Antiretroviral therapy reduces the rate of hepatic decompensation among HIV- and hepatitis C virus-coinfected veterans.
Academic Article
Overview
abstract
BACKGROUND: Human immunodeficiency virus (HIV) coinfection accelerates the rate of liver disease outcomes in individuals chronically infected with hepatitis C virus (HCV). It remains unclear to what degree combination antiretroviral therapy (ART) protects against HCV-associated liver failure. METHODS: We evaluated 10 090 HIV/HCV-coinfected males from the Veterans Aging Cohort Study Virtual Cohort, who had not initiated ART at entry, for incident hepatic decompensation between 1996 and 2010. We defined ART initiation as the first pharmacy fill date of a qualifying ART regimen of ≥3 drugs from ≥2 classes. Hepatic decompensation was defined as the first occurrence of 1 hospital discharge diagnosis or 2 outpatient diagnoses for ascites, spontaneous bacterial peritonitis, or esophageal variceal hemorrhage. To account for potential confounding by indication, marginal structural models were used to estimate hazard ratios (HRs) of hepatic decompensation, comparing initiation of ART to noninitiation.
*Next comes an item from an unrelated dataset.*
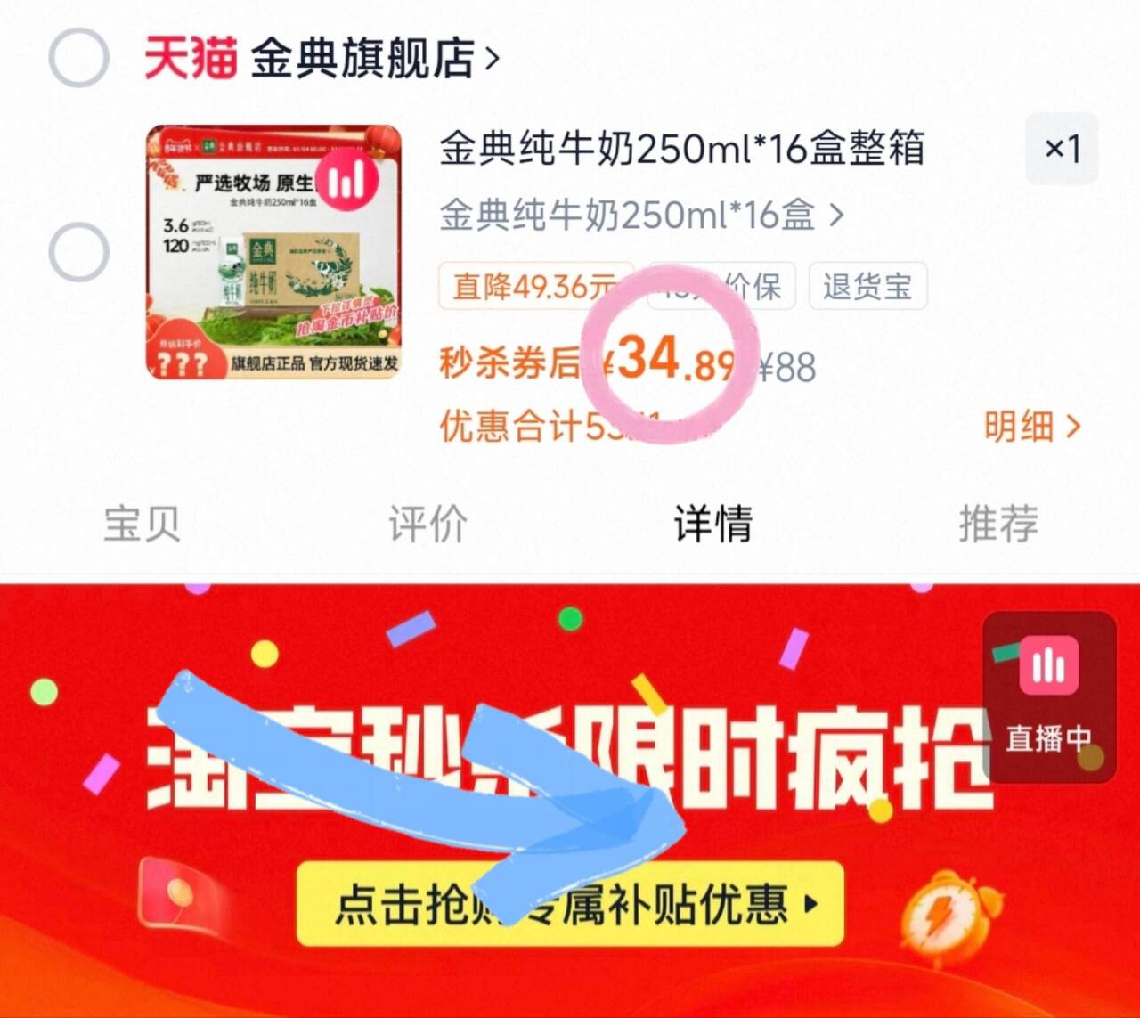 快34元/大箱金典纯牛奶 34250元ml*16盒大箱 叠礼金下拉详情秒拍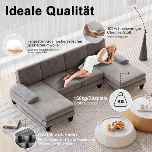 Be the first to review “Flamaker Ecksofa mit Schlaffunktion, 292cm*111cm* 92cm Sofa mit 4 Kissen, U-Shape Sofa mit Abnehmbarer Sofabezug, Grau”

RESULTS: We observed 645 hepatic decompensation events in 46 444 person-years of follow-up (incidence rate, 1.4/100 person-years). Coinfected patients who initiated ART had a significantly reduced rate of hepatic decompensation relative to noninitiators (HR = 0.72; 95% confidence interval [CI], .54-.94). When we removed individuals with HIV RNA ≤400 copies/mL at baseline from the analysis (assuming that they may have received undocumented ART at entry), the hazard ratio became more pronounced (HR = 0.59; 95% CI, .43-.82). CONCLUSIONS: Initiation of ART significantly reduced the rate of hepatic decompensation by 28%-41% on average. These results suggest that ART should be administered to HIV/HCV-coinfected patients to lower the risk of end-stage liver disease.